UNION combining result sets in SQL - Time & Space Complexity
When we combine two lists of data using UNION, we want to know how the work grows as the lists get bigger.
How does the time to get the combined list change when the input lists grow?
Analyze the time complexity of the following code snippet.
SELECT column1 FROM tableA
UNION
SELECT column1 FROM tableB;
This code combines unique values from two tables into one list.
Identify the loops, recursion, array traversals that repeat.
- Primary operation: Scanning each row in both tables and comparing to remove duplicates.
- How many times: Each row in tableA and tableB is checked once, then comparisons happen to find unique rows.
As the number of rows in both tables grows, the work to scan and compare grows too.
| Input Size (n) | Approx. Operations |
|---|---|
| 10 | About 20 scans and comparisons |
| 100 | About 200 scans and comparisons |
| 1000 | About 2000 scans and comparisons |
Pattern observation: The work grows roughly in direct proportion to the total number of rows combined.

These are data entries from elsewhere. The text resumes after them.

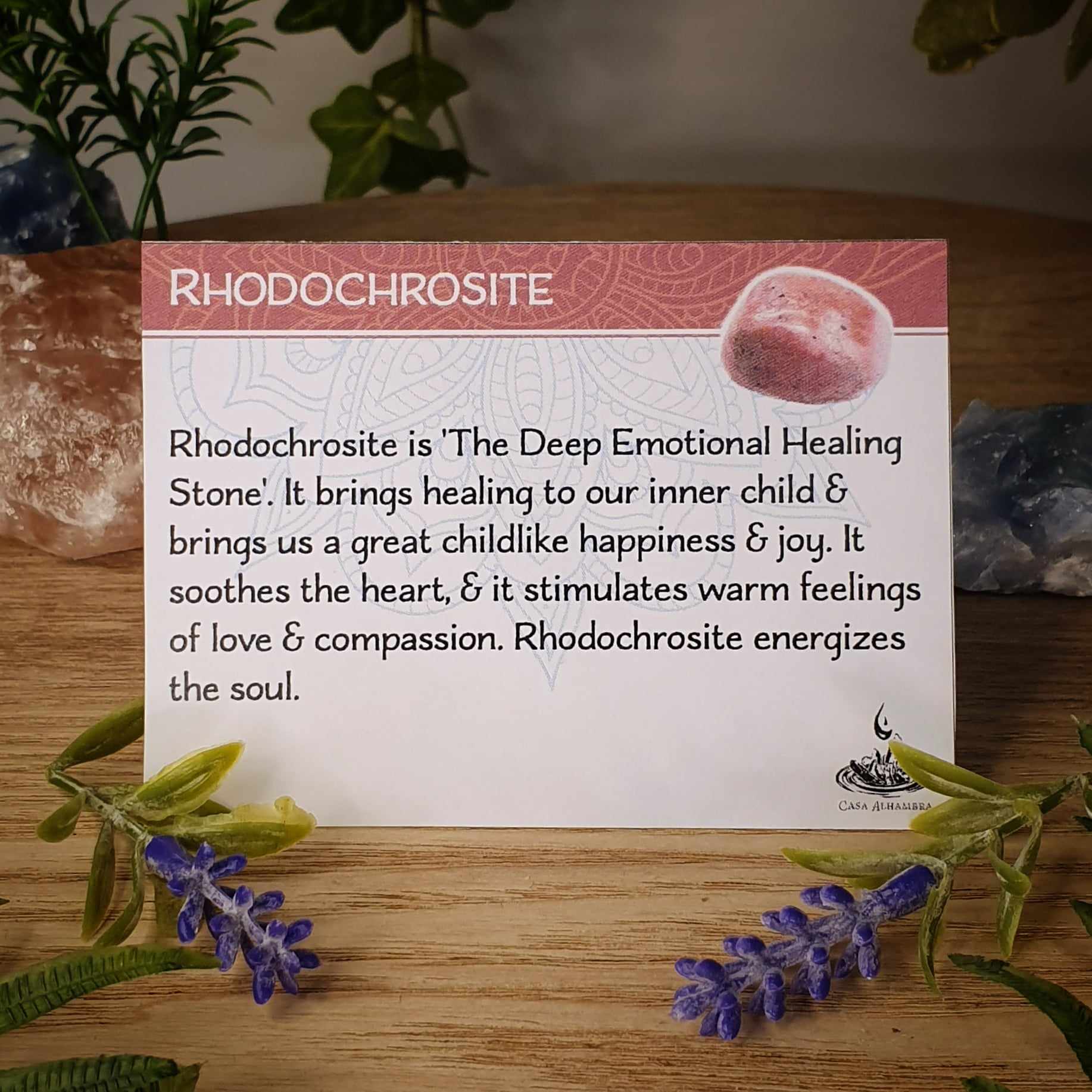 Rhodochrosite: Rhodochrosite is known as ‘The Deep Emotional Healing Stone’. It brings healing to our inner child & brings us a great childlike happiness & joy. It soothes the heart, it stimulates warm feelings of love & compassion. It energises the soul.
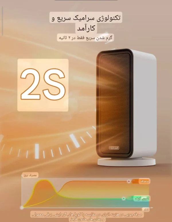 با توان خروجی حدود ۱۵۰۰ وات، این بخاری فضای اتاق خواب، اتاق نشیمن، دفتر کار یا حتی آشپزخانه را در کمترین زمان ممکن گرم می‌کند. فناوری گرمایش سریع سرامیکی (PTC Ceramic Heating) باعث می‌شود در عرض تنها چند ثانیه، هوای گرم و ملایم در محیط جریان یابد. این گرمایش بدون ایجاد شعله باز و کاملاً ایمن انجام می‌شود.
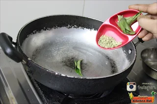 In a kadai, Add oil, Saunf, Curry leaves, Onions, Green chilli and Stir well.
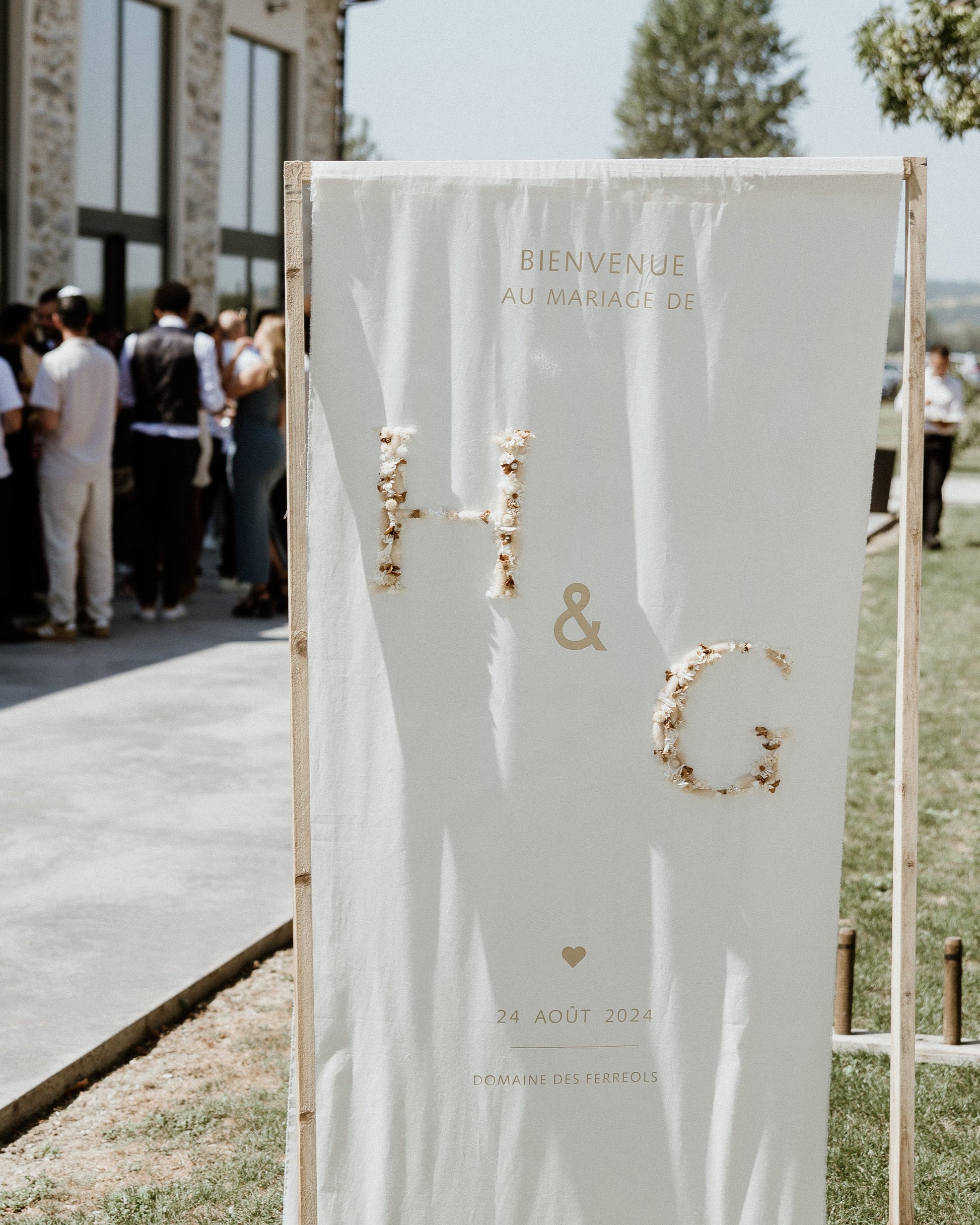 Offrez à vos invités un accueil chaleureux grâce à ce tissu de bienvenue sur-mesure, entièrement réalisé à la main, avec vos initiales inscrites en fleurs séchées et fleurs stabilisées.
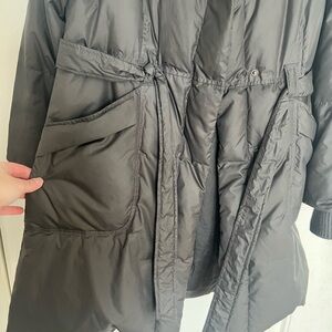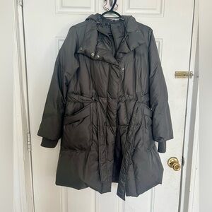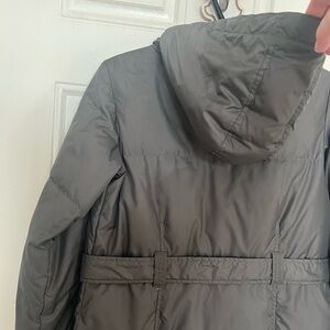 Stay warm and stylish with this gray hooded puffer coat. Perfect for chilly days, it offers comfort and a sleek look. 100% Polyester.
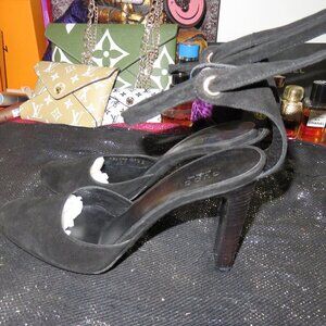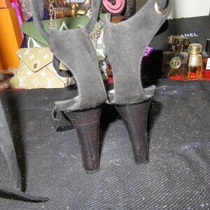 Gucci black Italian Suede leather luxury leg wrap closed toe pumps heels sz 7.5
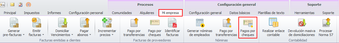 Se accede mediante el botón Pago por cheques del apartado Nóminas de empleados que se puede encontrar en el menú Procesos/Mi empresa.
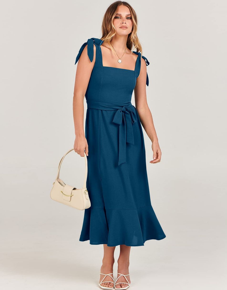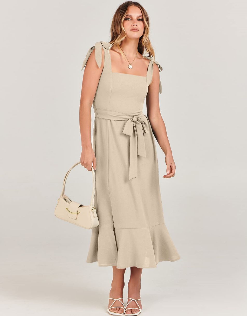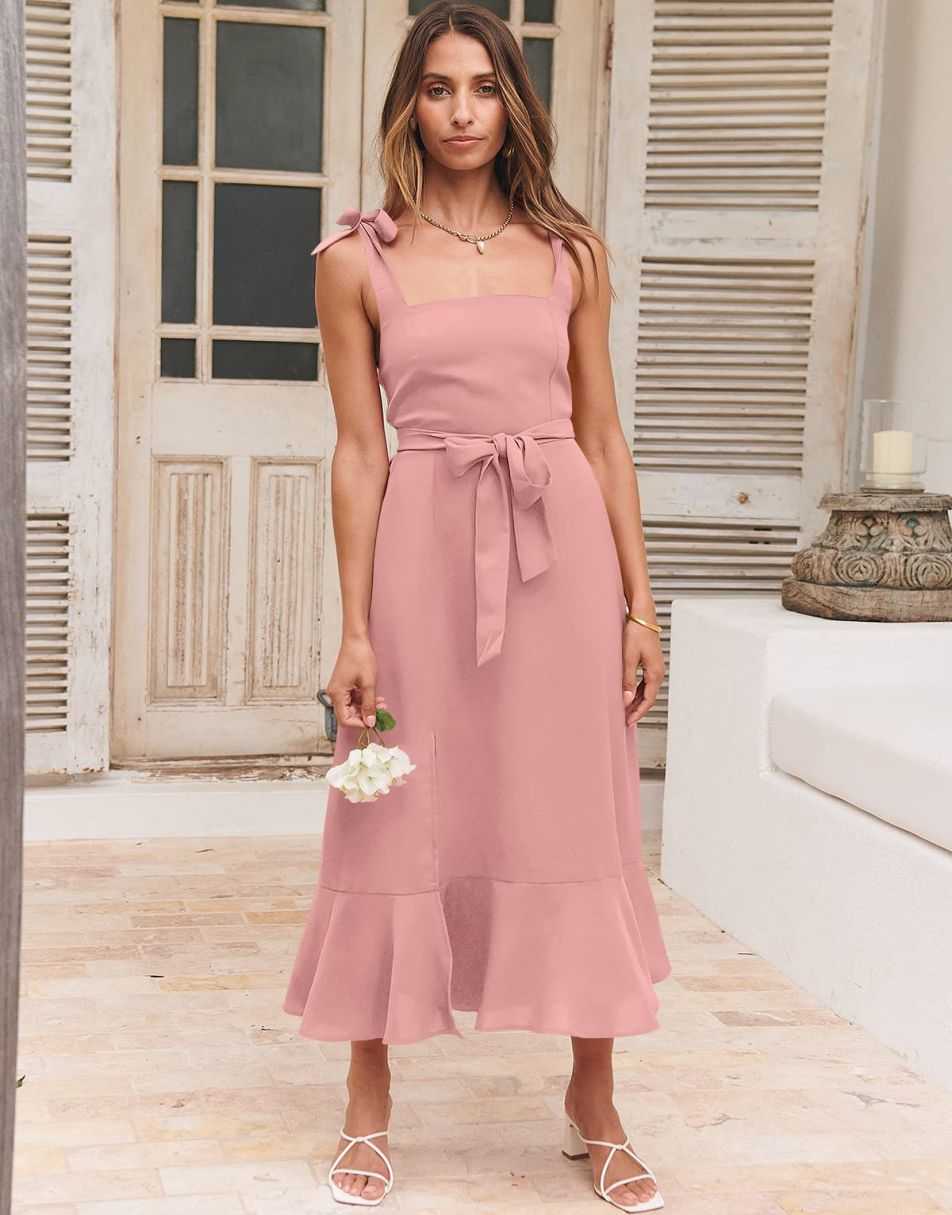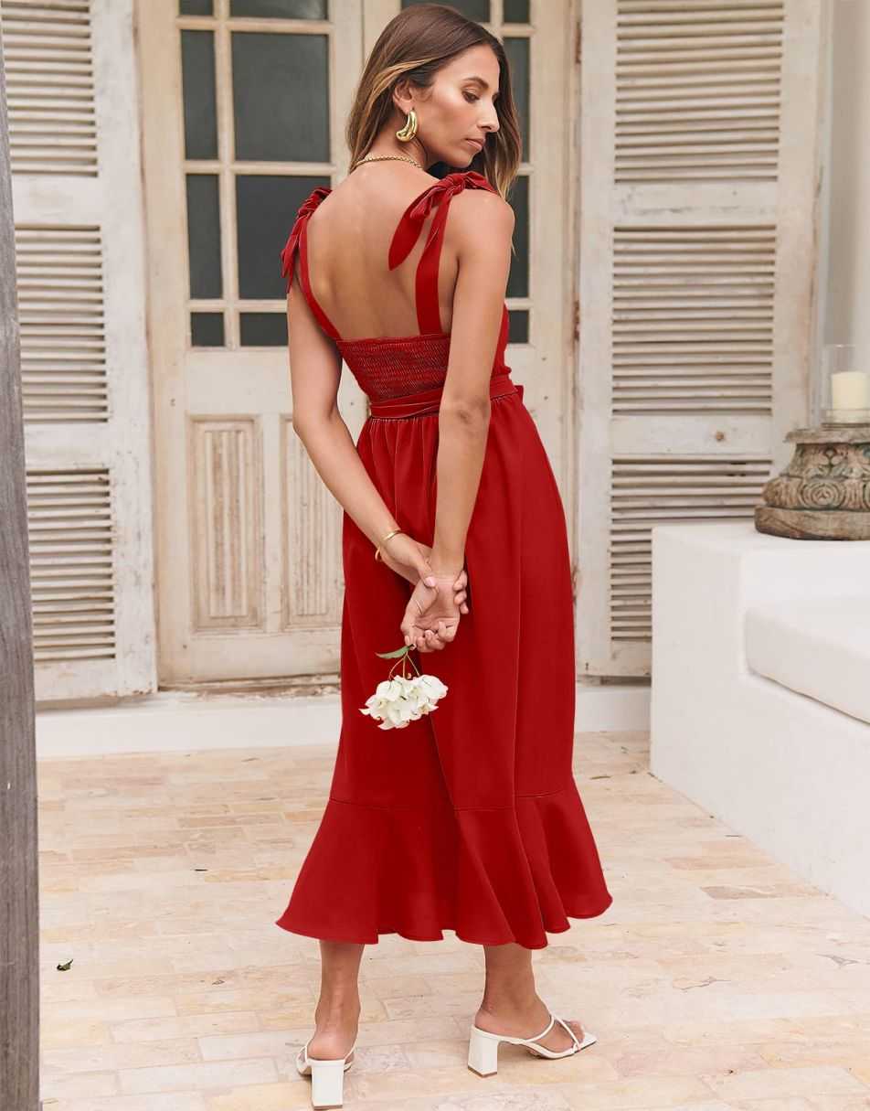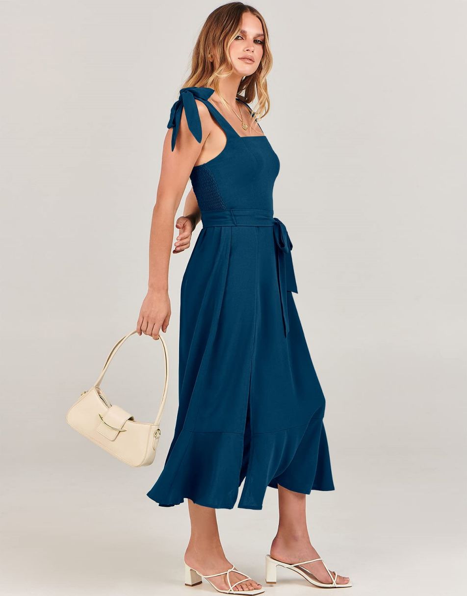 - Features - Shoulder Straps Tie, Solid Color, Sleeveless, Split Hem,Square Neck锛�Tie Waist Midi Dress for Women.
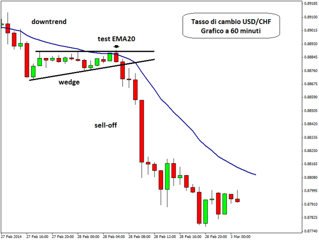 Le strategie sui pullback sono molto utili per cavalcare i trend direzionali, soprattutto se la tendenza principale viene espressa con candele ad ampio range mentre la correzione avviene con candele dal range ridotto. La bassa volatilità aiuta molto a individuare le migliori occasioni di trading sui pullback, come avvenuto sul tasso di cambio USD/CHF, time frame a 60 minuti. Dal grafico intraday dello Swissy mostrato in basso, si può notare un downtrend al quale fa seguito una correzione con bassa volatilità che alla fine porta anche alla formazione di una sorta di wedge, ovvero di cuneo.
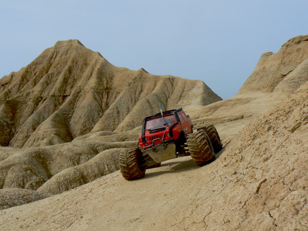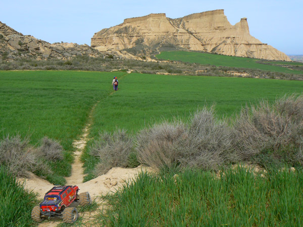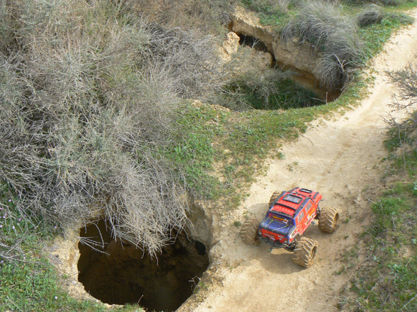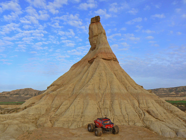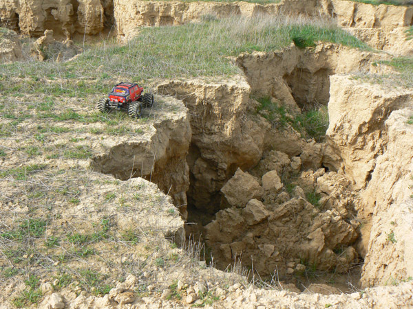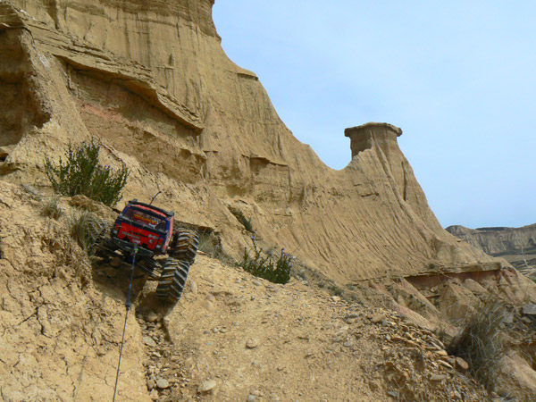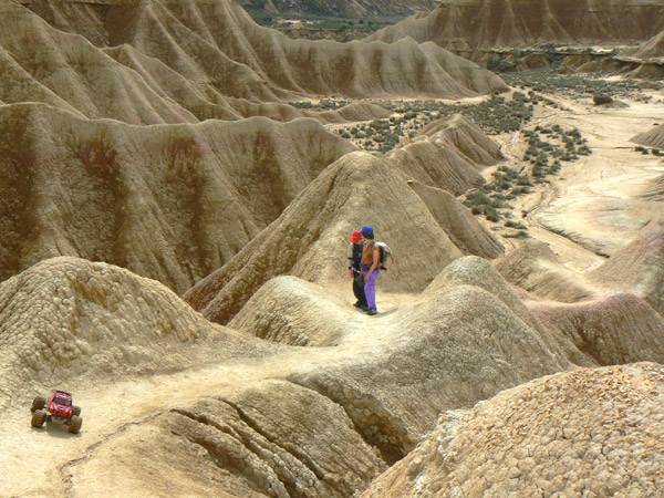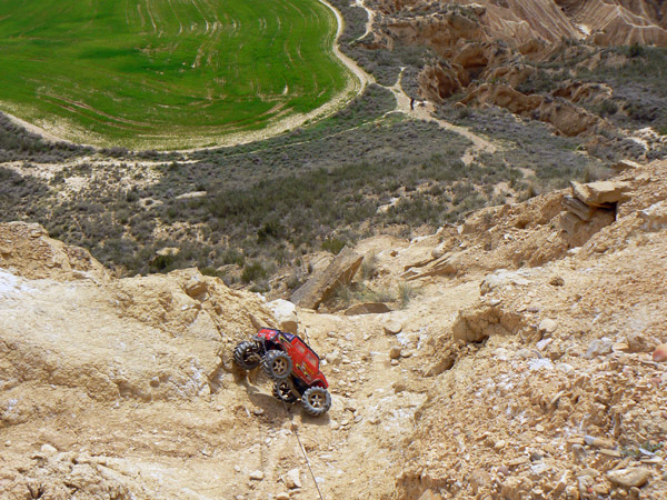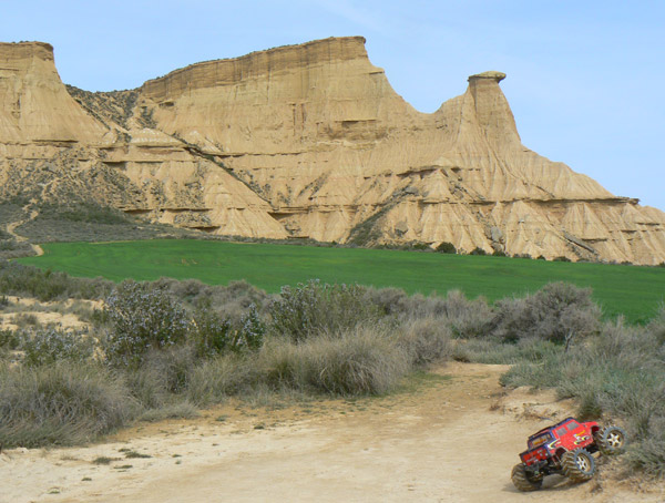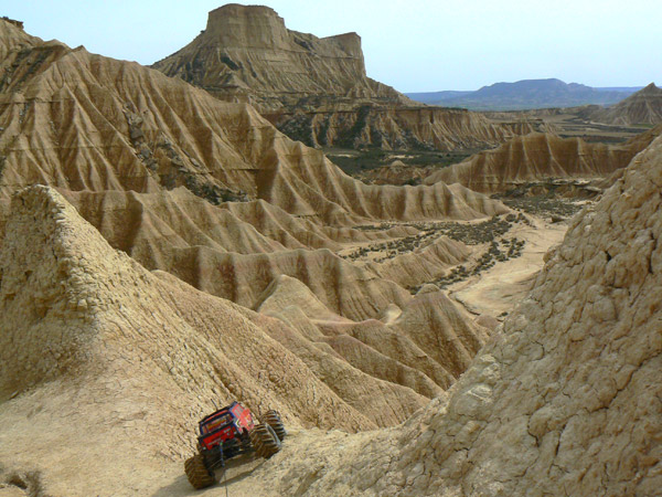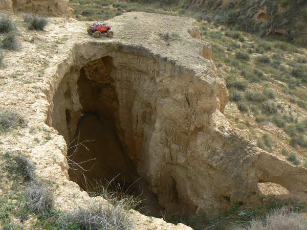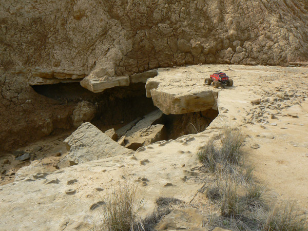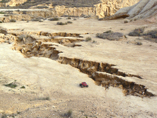 Alrededores de Castil de Tierra Es la primera parada, casi obligada, viniendo de Arguedas. Una de las estructuras más fotografiadas y quizás visitadas de las Bárdenas. A su alrededor una zona en franca erosión cerrada al publico, llena de grietas y hundimientos. En la imagen el EMaxx recorriendo una de las grietas, a modo de barrancos para su escala. Esta primera parte de le ruta la podemos llamar como de los agujeros ya que veremos muchos de ellos bajo nuestro pies. Para llegar al Barranco de los Cabrones, en donde iniciaremos la ruta, seguimos la pista de tierra principal, dejando siempre el polígono militar a nuestra derecha. Hay que andar con mapa detallado o GPS, toda esta zona tiene muy pocos o ningún indicador ni marca, algún hito de piedra aislado muy de vez en cuando. . |
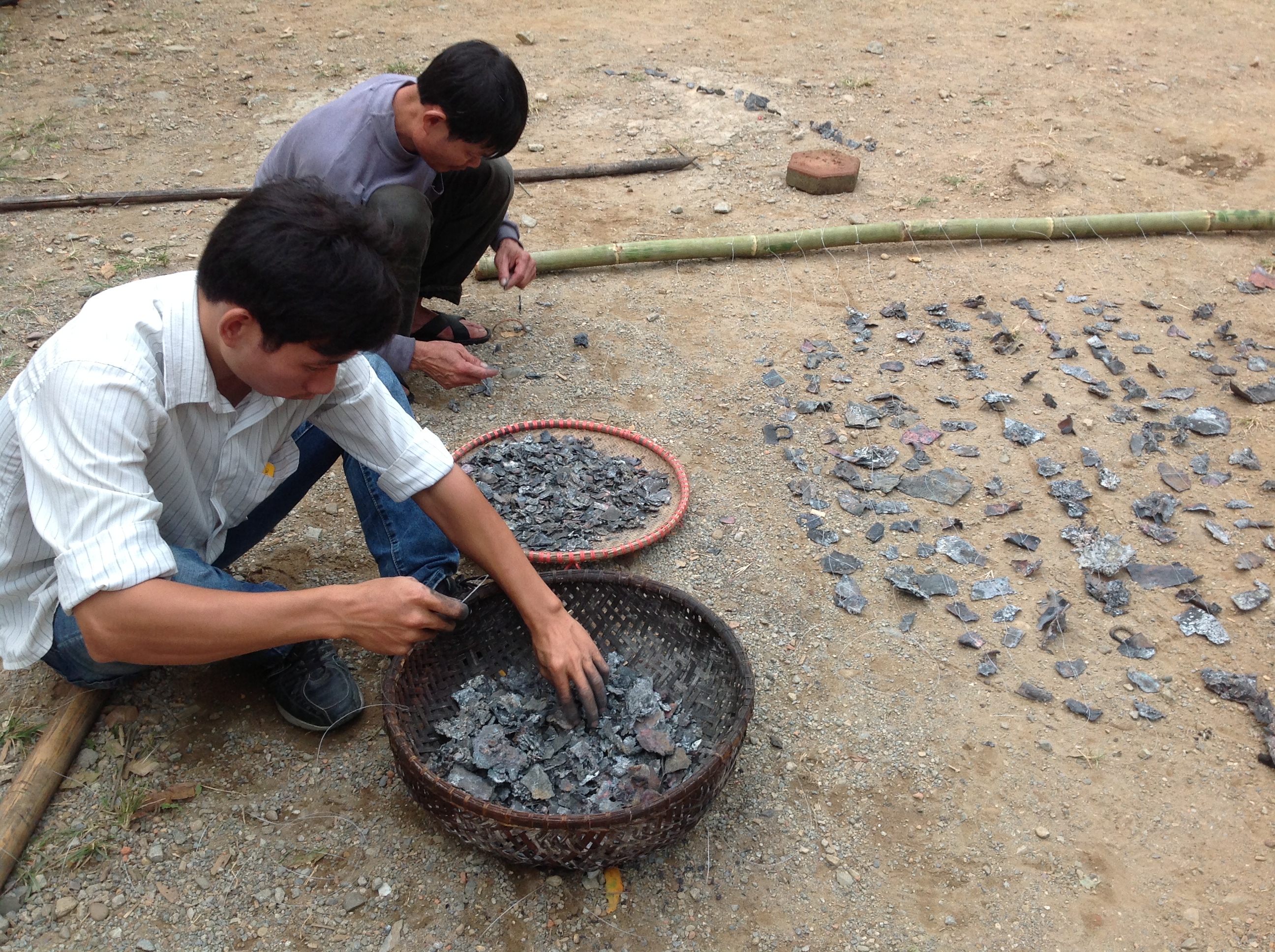 | Hình ảnh tác phẩm (đang thực hiện) của Thái Nhật Minh, bằng các mảnh sắt, đồng, đồ gốm vỡ di vật của nhà Lang. |

Time Complexity: O(n log n)
This means the time to combine grows roughly in proportion to n log n, where n is the total number of rows.
[X] Wrong: "UNION runs in constant time no matter how big the tables are."
[OK] Correct: The database must look at every row to find unique values, so more rows mean more work.
Understanding how combining data grows with size helps you explain query performance clearly and confidently.
"What if we used UNION ALL instead of UNION? How would the time complexity change?"